• Aim of the task:
The listing must be copied out in full and exactly; no images go with it.
+++ Input data
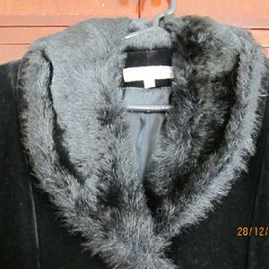 Beautiful velvet coat, fully lined, with faux fur collar and fringes. Very versatile. It has two pockets in the front, and velvet buttons. Very good condition
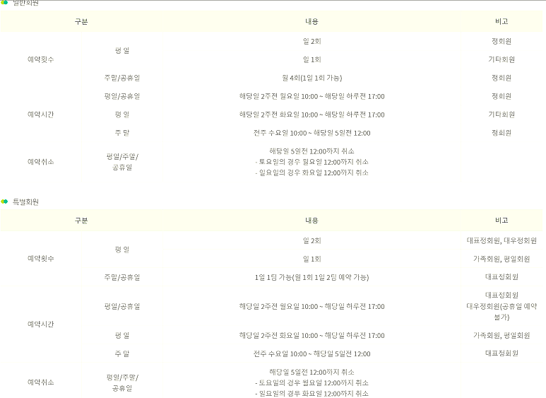 정회원 및 지정회원 동반자 할인(주중4회/주말2회 가능)
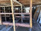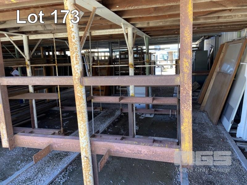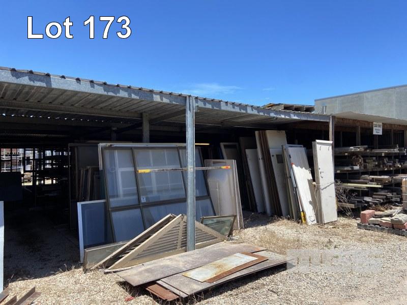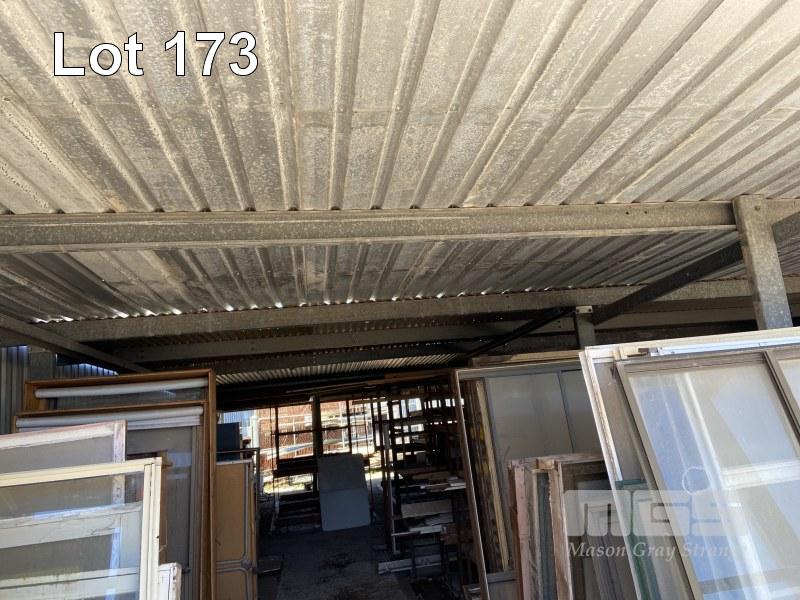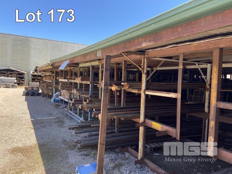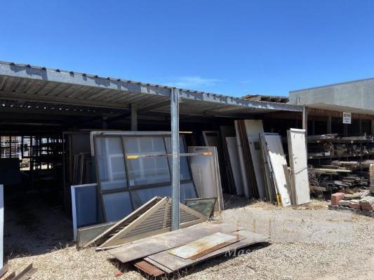 SALVAGE YARD STORAGE LEAN TO 18 x 26m APPROX WITH CONSTRUCTED TIMBER RACKS STEEL SUPPORT RACKS HARDWOOD SUPPORT POSTS FRAMING TIMBER, PLANKS, ASSORTED BUYER TO REMOVE
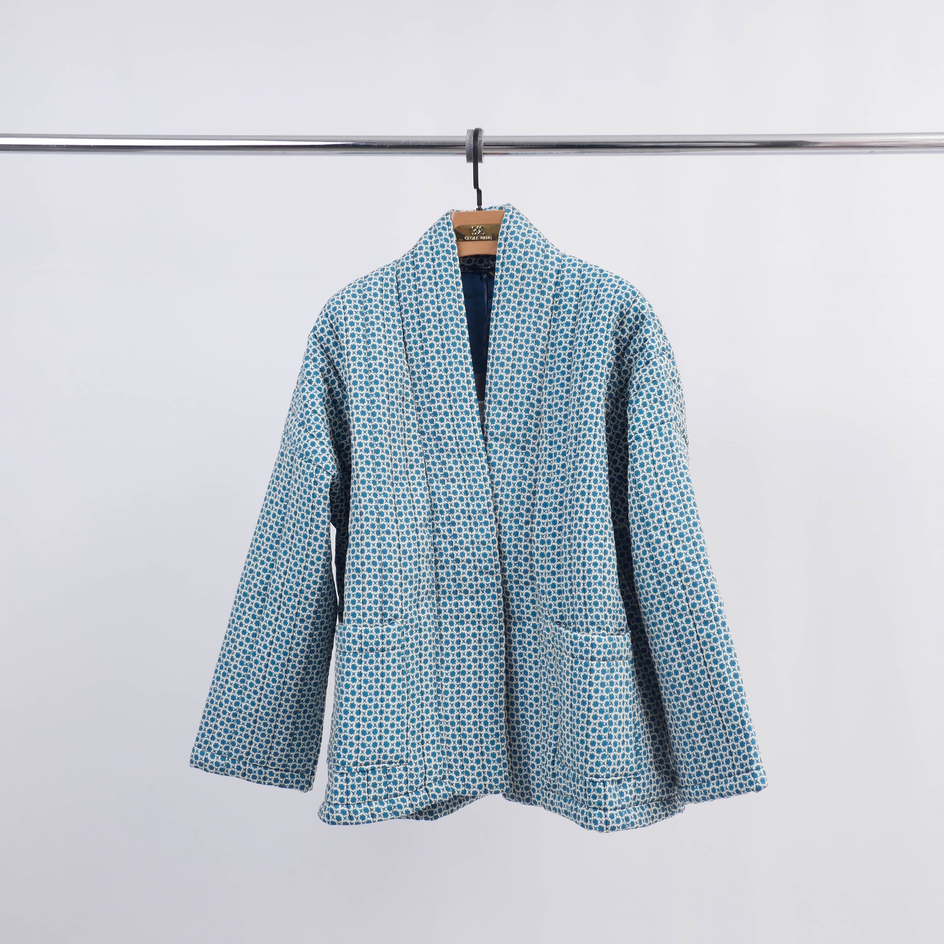 Un équilibre parfait entre confort et caractère. Cette veste matelassée séduit par son imprimé graphique et sa coupe épurée inspirée du kimono.
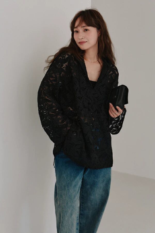 カジュアルなデザインを立体感あるジャガードレースに落とし込んだビンテージ感漂う他にない1枚。
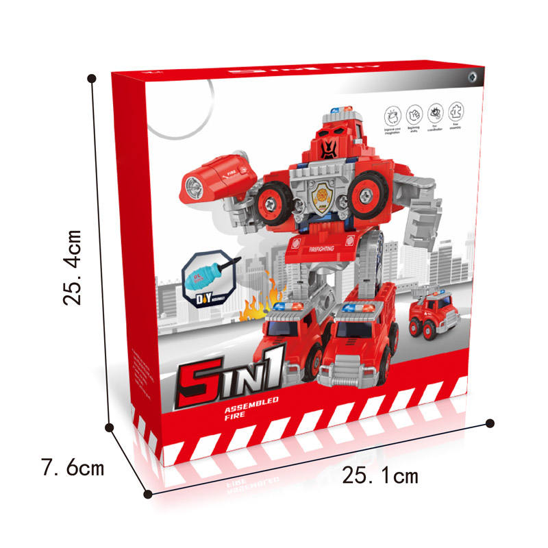 5IN1 DIY rescate camión vehículo transformado robot edificio conjuntoDescripción
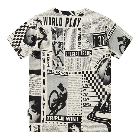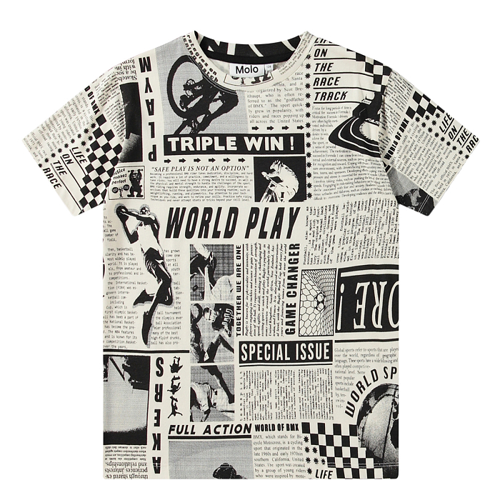 Футболка Molo – это идеальный выбор для активных мальчиков! Изготовленная из 100% натурального хлопка, она украшена оригинальным принтом спортивных новостей и шахматных полей. На футболке видны различные спортивные сцены, такие как футбол, велоспорт, баскетбол и другие виды спорта, а также тексты, напоминающие о спортивных новостях. Нежная белая основа с черными акцентами создает стильный и современный образ. Качество от бренда из Дании и внимание к деталям делают эту футболку отличным выбором для вашего мальчика!
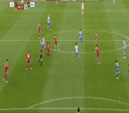 第40分钟,还是来自萨拉赫的传球,基耶萨的射门,被范赫克伸出一脚,完成解围。
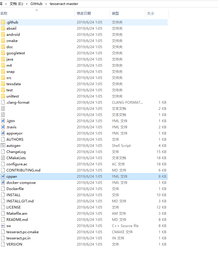 进入 解压后的Tesseract文件夹,可以发现有个cppan.yml,
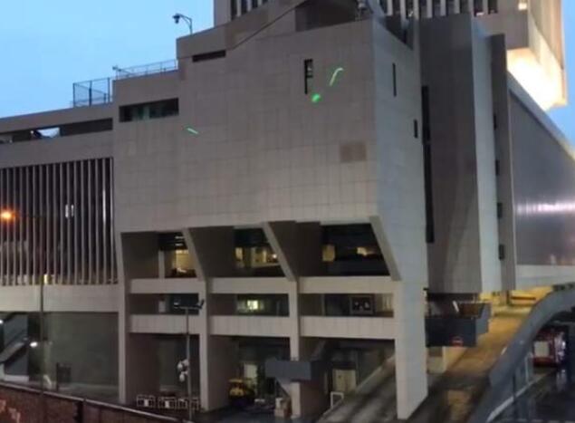 图为18日示威者用镭射枪挑衅解放军驻港部队总部(来源:香港商报网)
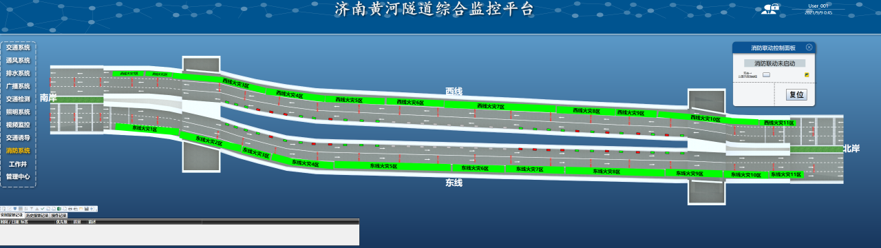 隧道消防系统拥有147套泡沫喷雾、136个双波长火焰探测器、87个消火栓箱、288个灭火器箱、2条感温光纤和6台功率110kw风量36万m³/h排烟风机,设备的应用可以在火灾初期及时发现并处理火灾,保障隧道内人员和设施的安全;
++++++
• Solution for this task:
 Beautiful velvet coat, fully lined, with faux fur collar and fringes. Very versatile. It has two pockets in the front, and velvet buttons. Very good condition
 정회원 및 지정회원 동반자 할인(주중4회/주말2회 가능)
 SALVAGE YARD STORAGE LEAN TO 18 x 26m APPROX WITH CONSTRUCTED TIMBER RACKS STEEL SUPPORT RACKS HARDWOOD SUPPORT POSTS FRAMING TIMBER, PLANKS, ASSORTED BUYER TO REMOVE
 Un équilibre parfait entre confort et caractère. Cette veste matelassée séduit par son imprimé graphique et sa coupe épurée inspirée du kimono.
 カジュアルなデザインを立体感あるジャガードレースに落とし込んだビンテージ感漂う他にない1枚。
 5IN1 DIY rescate camión vehículo transformado robot edificio conjuntoDescripción
 Футболка Molo – это идеальный выбор для активных мальчиков! Изготовленная из 100% натурального хлопка, она украшена оригинальным принтом спортивных новостей и шахматных полей. На футболке видны различные спортивные сцены, такие как футбол, велоспорт, баскетбол и другие виды спорта, а также тексты, напоминающие о спортивных новостях. Нежная белая основа с черными акцентами создает стильный и современный образ. Качество от бренда из Дании и внимание к деталям делают эту футболку отличным выбором для вашего мальчика!
 第40分钟,还是来自萨拉赫的传球,基耶萨的射门,被范赫克伸出一脚,完成解围。
 进入 解压后的Tesseract文件夹,可以发现有个cppan.yml,
 图为18日示威者用镭射枪挑衅解放军驻港部队总部(来源:香港商报网)
 隧道消防系统拥有147套泡沫喷雾、136个双波长火焰探测器、87个消火栓箱、288个灭火器箱、2条感温光纤和6台功率110kw风量36万m³/h排烟风机,设备的应用可以在火灾初期及时发现并处理火灾,保障隧道内人员和设施的安全;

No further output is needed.